G'day all,
we're having some fun trying to figure out where our bottleneck is in our backup environment; in particular backing up our NetApp NAS box.
Our master server is 5.1MP5 on 2K3 Ent Ed SP1 with 8GB RAM, dual 3.0GHz single core CPU's (HP DL580 G2) with 2 x LSI Logic U320 SCSI HBA's attached to 6 LTO2 drives in a Quantum P4000 (2 drives per channel, plus one channel controlling the robot). There are another 2 media servers, but lower spec'd and with a total of 4 drives between the two of them, all inside the same P4000 unit (I have more on that config if you need it).
The master server is the server/client that we use to backup our NAS CIFS shares through; that is, in our policy the master server is what we use to connect to the shares and the STU we use is on the master server also...
The STU is setup for 3 drives, 20 MPX and no max frag size. We are using HP LTO2 drivers at the OS level.
The policy in question is setup so that we have 14 streams (CIFS shares ranging from a few hundred GB to nearly 2TB's), MPX 5 and no limit jobs per policy; meaning we actually have 14 streams running at one time across 3 drives (5/5/4 split).
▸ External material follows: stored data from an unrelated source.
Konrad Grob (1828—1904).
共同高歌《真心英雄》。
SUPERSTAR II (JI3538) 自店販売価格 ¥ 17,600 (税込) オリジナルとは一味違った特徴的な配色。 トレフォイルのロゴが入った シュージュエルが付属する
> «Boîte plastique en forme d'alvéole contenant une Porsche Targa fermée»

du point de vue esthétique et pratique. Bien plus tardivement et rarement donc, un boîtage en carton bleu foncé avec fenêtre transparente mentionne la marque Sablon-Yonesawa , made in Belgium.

NUMBER_DATA_BUFFERS on the master server is set to 224, no SIZE_DATA_BUFFERS so default is 65536 and no NET_BUFFER_SZ meaning default 256Kb (or is it KB - I know it makes a difference!).
Having said that, under the client properties of the master server I have set "Communications buffer" to 257 kilobytes as suggested by Veritas (and a Veritas engineer).
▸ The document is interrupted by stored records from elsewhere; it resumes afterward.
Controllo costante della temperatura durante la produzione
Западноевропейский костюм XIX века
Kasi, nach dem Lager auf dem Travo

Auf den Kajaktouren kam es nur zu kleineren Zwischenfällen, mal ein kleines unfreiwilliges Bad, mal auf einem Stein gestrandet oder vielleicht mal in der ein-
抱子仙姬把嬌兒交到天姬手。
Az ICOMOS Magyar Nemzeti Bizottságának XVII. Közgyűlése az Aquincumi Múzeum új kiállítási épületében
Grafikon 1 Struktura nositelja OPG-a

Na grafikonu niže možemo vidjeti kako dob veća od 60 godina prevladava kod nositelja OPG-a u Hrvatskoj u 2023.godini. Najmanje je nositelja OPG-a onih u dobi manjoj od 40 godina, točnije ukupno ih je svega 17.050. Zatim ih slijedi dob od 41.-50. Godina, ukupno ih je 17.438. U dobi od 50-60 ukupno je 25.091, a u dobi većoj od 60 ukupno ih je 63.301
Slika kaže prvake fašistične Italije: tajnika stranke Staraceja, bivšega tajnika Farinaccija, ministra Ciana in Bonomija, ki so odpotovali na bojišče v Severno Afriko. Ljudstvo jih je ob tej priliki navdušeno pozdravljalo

Currently this little scenario results in backups taking anywhere from 20 odd hours (for the few hundred GB) to 3 days plus for the nearly 2TB. That bytes! (pardon the pun).
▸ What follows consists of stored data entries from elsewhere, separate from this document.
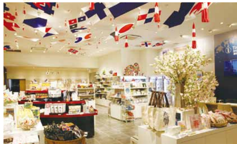
オフィス街のOLや本物志向のシニア層をターゲットに、県産品だけでなく旬の観光情報など本県の魅力を発信します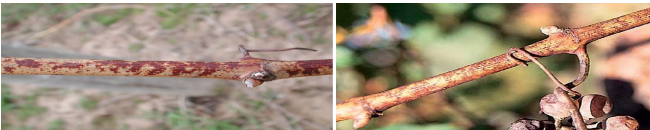
Εικ. Χαρακτηριστική προσβολή κληματίδων από ωΐδιο.

2. ΩΪΔΙΟ. Ο μύκητας διαχειμάζει με τη μορφή μυκηλίου στους οφθαλμούς των προσβεβλημένων κληματίδων, καθώς και με τη μορφή κλειστοθηκίων στην επιφάνεια των προσβεβλημένων κληματίδων και των φύλλων. Ο χαλκός συμβάλει την καταστροφή των κλειστοθηκίων.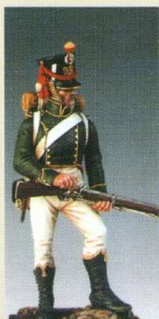
FGGI: Flanqueur - grenadier de la garde 1813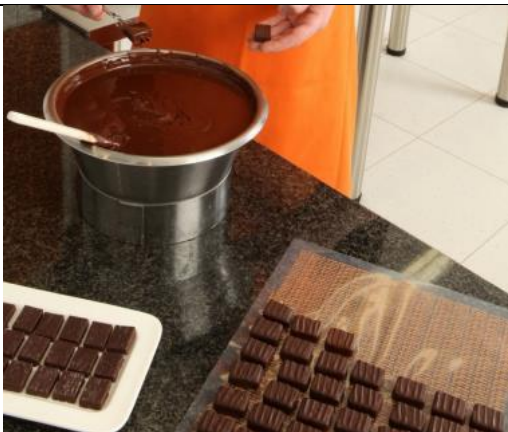
Chocolaterie saint Nicolas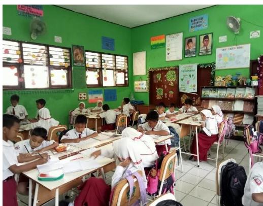
Gambar 1.13 Suasana kelas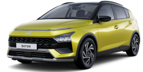
Lucid Lime Metallic / Black roof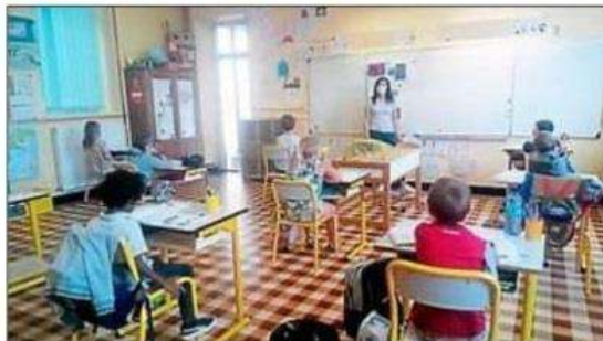
▶ Des groupes de niveaux ont été constitués à l'école primaire.

Depuis le 25 mai, c'est une reprise progressive sur la base du volontariat qui s'est opérée dans les écoles maternelle et élémentaire d'Azille, encadrée par un protocole sanitaire strict, mis en œuvre en étroite collaboration avec la municipalité et l'équipe des ensei-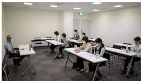
▲社会保険労務士を招いた研修

※ディーセントワーク：働きがいのある人間らしい仕事であり、自由、公平、安全と人間としての尊厳を条件とした、全ての人のための生産的な仕事のこと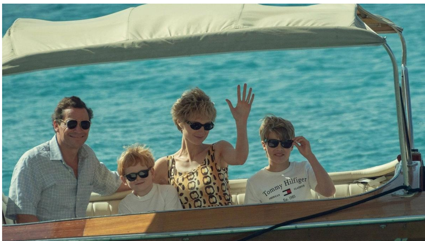
Кадр из сериала «Корона»

Сериал «Корона» о царствовании Елизаветы II завершился. Netflix показал последние серии шестого сезона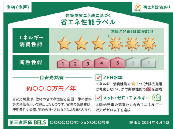
▲国土交通省 省エネ性能表示制度ガイドラインより

これは建築物を取引する際に、図のような省エネ性能ラベルを表示する制度で、特に4月以降に建築確認申請が行なわれる新築物件については、売買・賃貸する事業者に表示の努力義務が課されることとなります。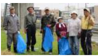
沖館第三町会の皆さんです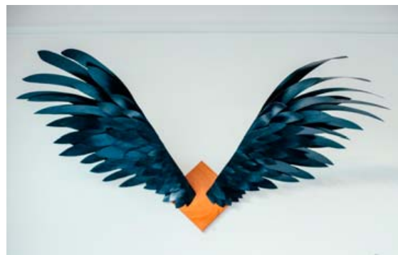
Myrkvi er fuglsauga á mahóni platta. Svart bæs og lakkaðir. Vænghaf er um 95 cm. Vængirnir fást í versluninni Mun.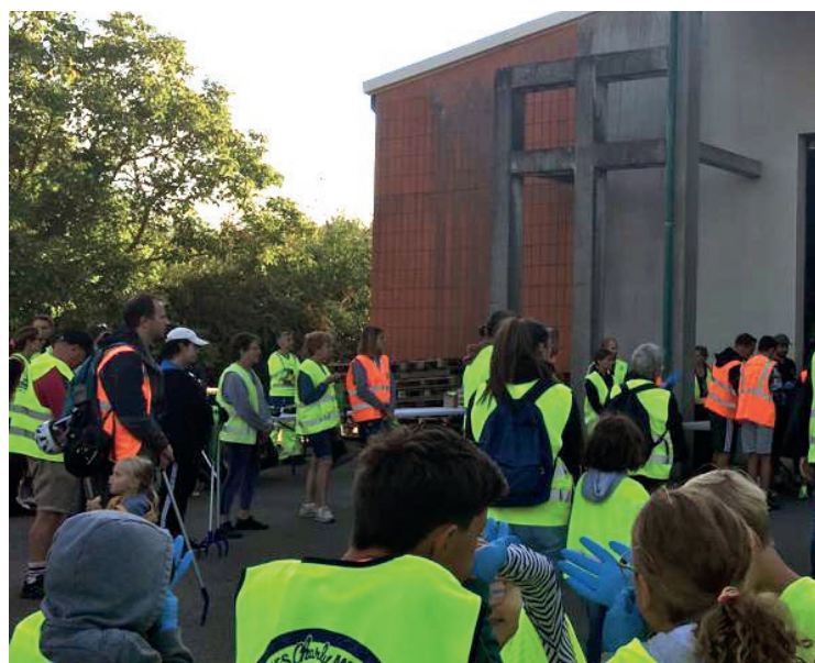
La journée mondiale du nettoyage de la planète (World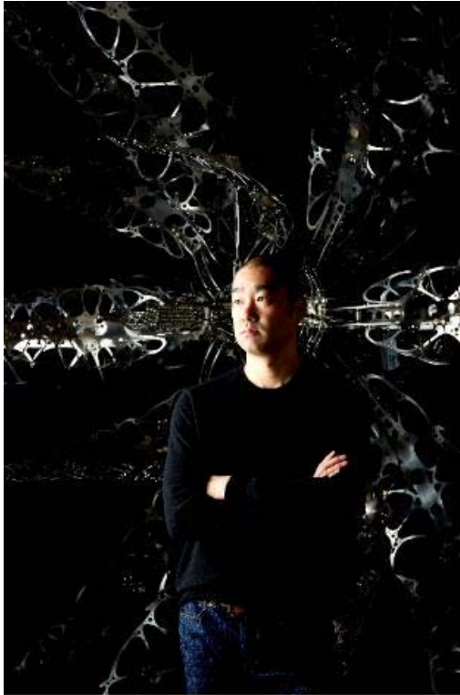
崔吁嵐，金相泰攝。圖片由 MMCA 提供

National Museum of Modern and Contemporary Art, Korea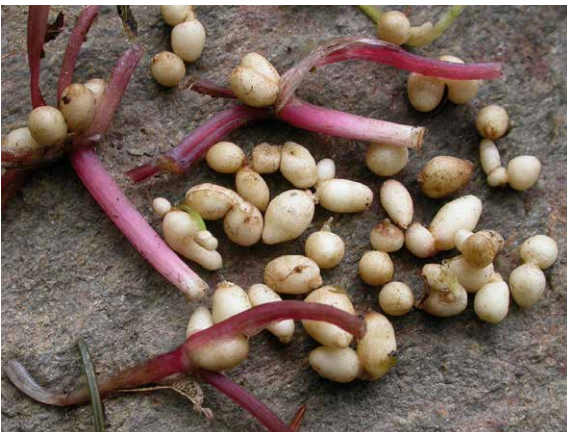
Abb. 24, 25 und 26

Die hauptsächliche Vermehrung der einheimischen Unterart Ficaria verna subsp. bulbifera erfolgt durch zahlreiche helle, getreidekorngroße Knöllchen, die während der Blütezeit in den Blattachseln heranwachsen. Diese Bulbillen fallen am Ende der Vegetationszeit von der Pflanze ab und werden durch Wasser, Tiere und andere Träger verbreitet.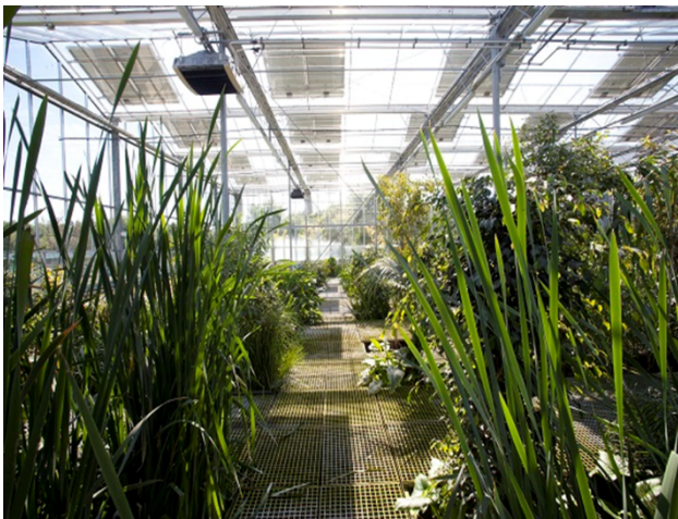
2. ábra Organica élőgépek rendszer [10]

A rendszeres nyílt napok, diákcsoportok fogadása, a felelőseteljes, környezettudatos gondolkodásmód kialakulását segítik elő az idelátogatókban, ami szintén pozitívan hathat az energiabiztonságra. Az ilyen programok rávilágítanak a környezetvédelem, a hulladékgazdálkodás és a biogáz előállítására kapcsán az észszerű energiahordozó gazdálkodás szoros összefüggéseire.

Here is my question - I have looked at our bptm and bpbkar logs from the master server, and I'm getting a lot of what I think is a good result in the bptm log of:
"fill_buffer: socket is closed, waited for empty buffer 0 times, delayed 0 times, read 747618304 bytes"
BUT for bpbkar logs, I get a lot of this:
"<4> tar_backup::OVPC_EOFSharedMemory: INF - bpbkar waited 7727 times for empty buffer, delayed 11643 times" and worse!
I've done some reading, but I can't get my head around where the problem acutally lies - with the client or the server?? My interpretation (and I'm probably wrong) is that we can't get the data from the client (NAS) quick enough to feed the tapes?
If someone could clarify for me that would be fantastic and MUCH appreciated. Any other thoughts/suggestions are truly welcomed also.
Thanks for listening!
Cheers
Mike